Tutorial

Let's see how to extract data from a sample website, http://books.toscrape.com/. If you prefer, you can watch a video demonstrating the same steps.

First, add the Siteparse Google Sheets add-on via the G Suite Marketplace.

Then make a new spreadsheet and choose Add-ons | Siteparse | Help / Activate. This will enable the SITEPARSE() custom function for this spreadsheet and show brief instructions.

Next, open the target site you're scraping (http://books.toscrape.com/) in a new tab. You need to use a Chrome or Firefox browser.
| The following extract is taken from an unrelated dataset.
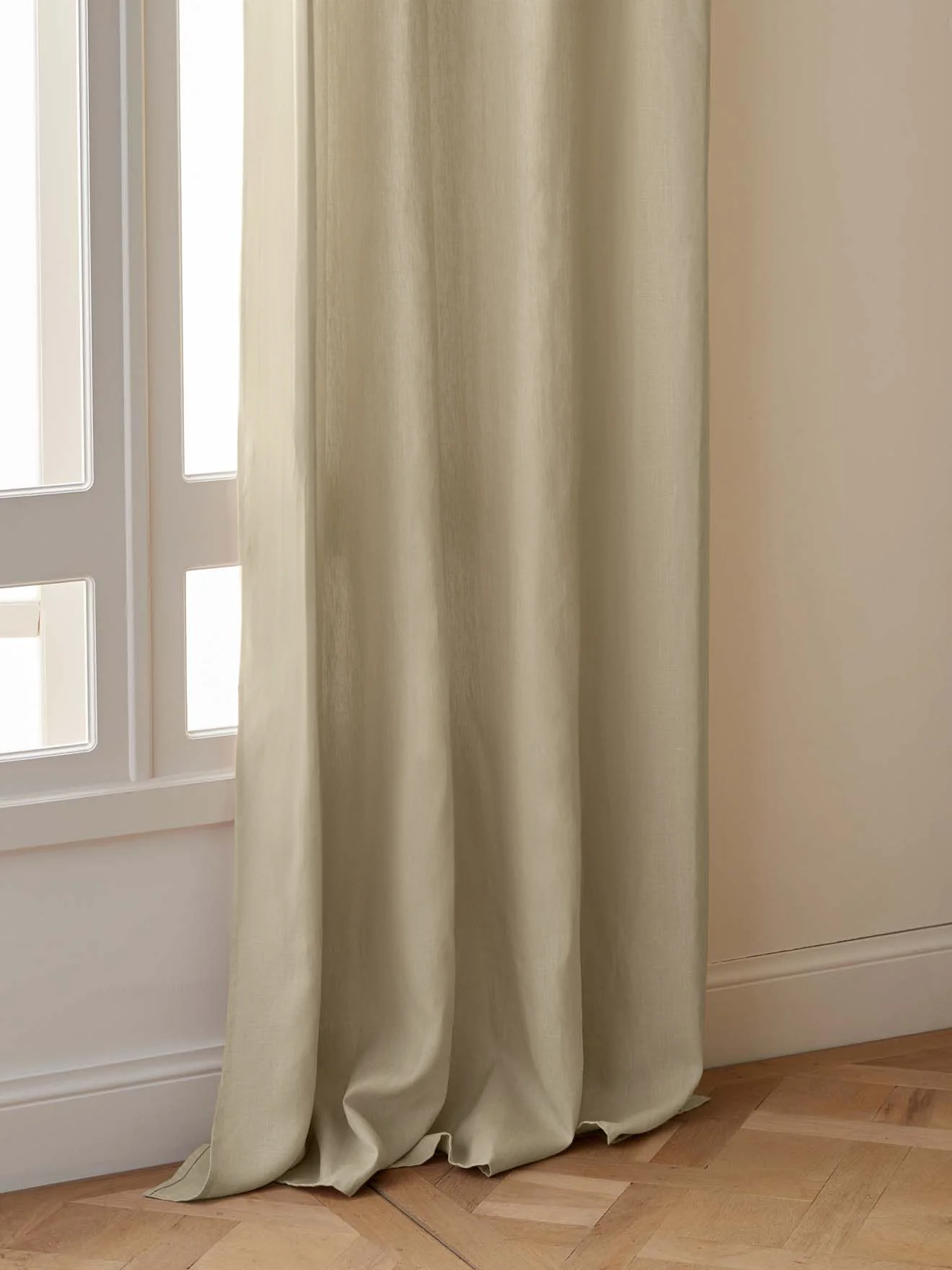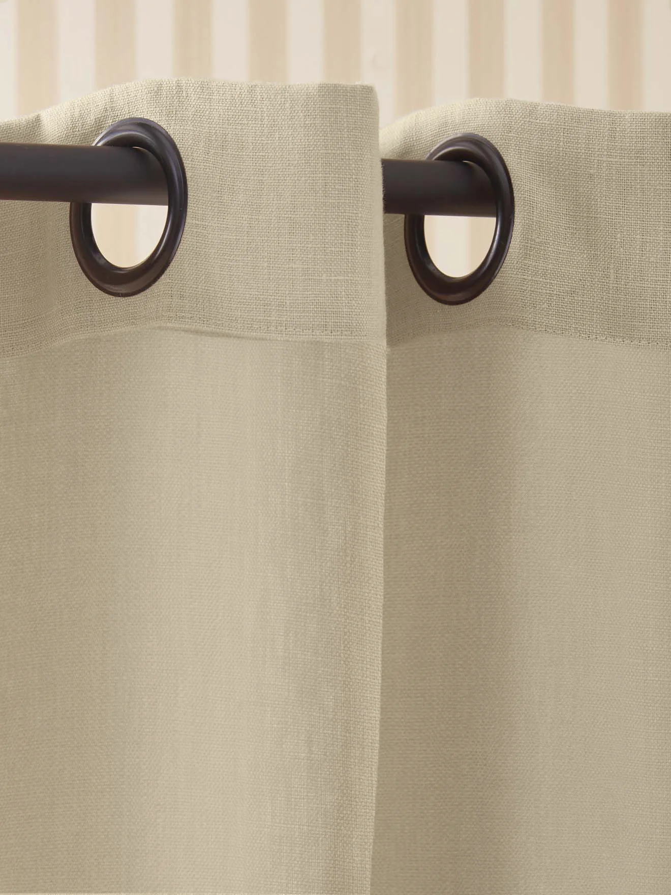Finitions soignées et lin épais pour un tomber parfait. Ce rideau en lin se décline dans une palette de coloris délicats et actuels. Les oeillets noirs accentuent cette touche de modernité.

We're going to select the data from the webpage using XPath queries. Siteparse also supports CSS Selectors, but XPath is more convenient for scraping because it allows you to select attributes of HTML elements and to select elements based on the text they contain. Look at this tutorial for an introduction to XPath language, or see this XPath reference if you already have basic understanding (there also is a CSS Selectors reference).

In most cases you'll be able to scrape data without actually writing the selectors manually, though!

We are going to scrape title, image and price for each book. To get the title, right-click on one of the book titles and select Inspect. A snippet similar to the highlighted one is shown in Chrome Dev Tools.

Right-click on the element and select Copy | Copy XPath.

Paste the XPath in the spreadsheet column where you want to put the titles. Repeat with a different title. Typically the two XPaths are going to differ by a single number. Replace that number with * and you'll get an XPath selecting all titles.

The text of longer titles is truncated, but notice the complete long titles are available in the title attribute of the a element. to select it, complete the XPath with /@title as shown.

You can do the same with price. Scraping the image is a bit different - you can easily retrieve the image address (url) using the XPath:

//*[@id="default"]/div[1]/div/div/div/section/div[2]/ol/li[*]/article/div[1]/a/img/@src

Note that SITEPARSE automatically converts a relative url into an absolute one!

To show a single image wrap the SITEPARSE() function in an IMAGE() function. To get this for all image urls returned, use ARRAYFORMULA():

=ARRAYFORMULA(IMAGE(SITEPARSE($A4, D$3)))

You can examine the complete spreadsheet example, including crawling multi-page listings!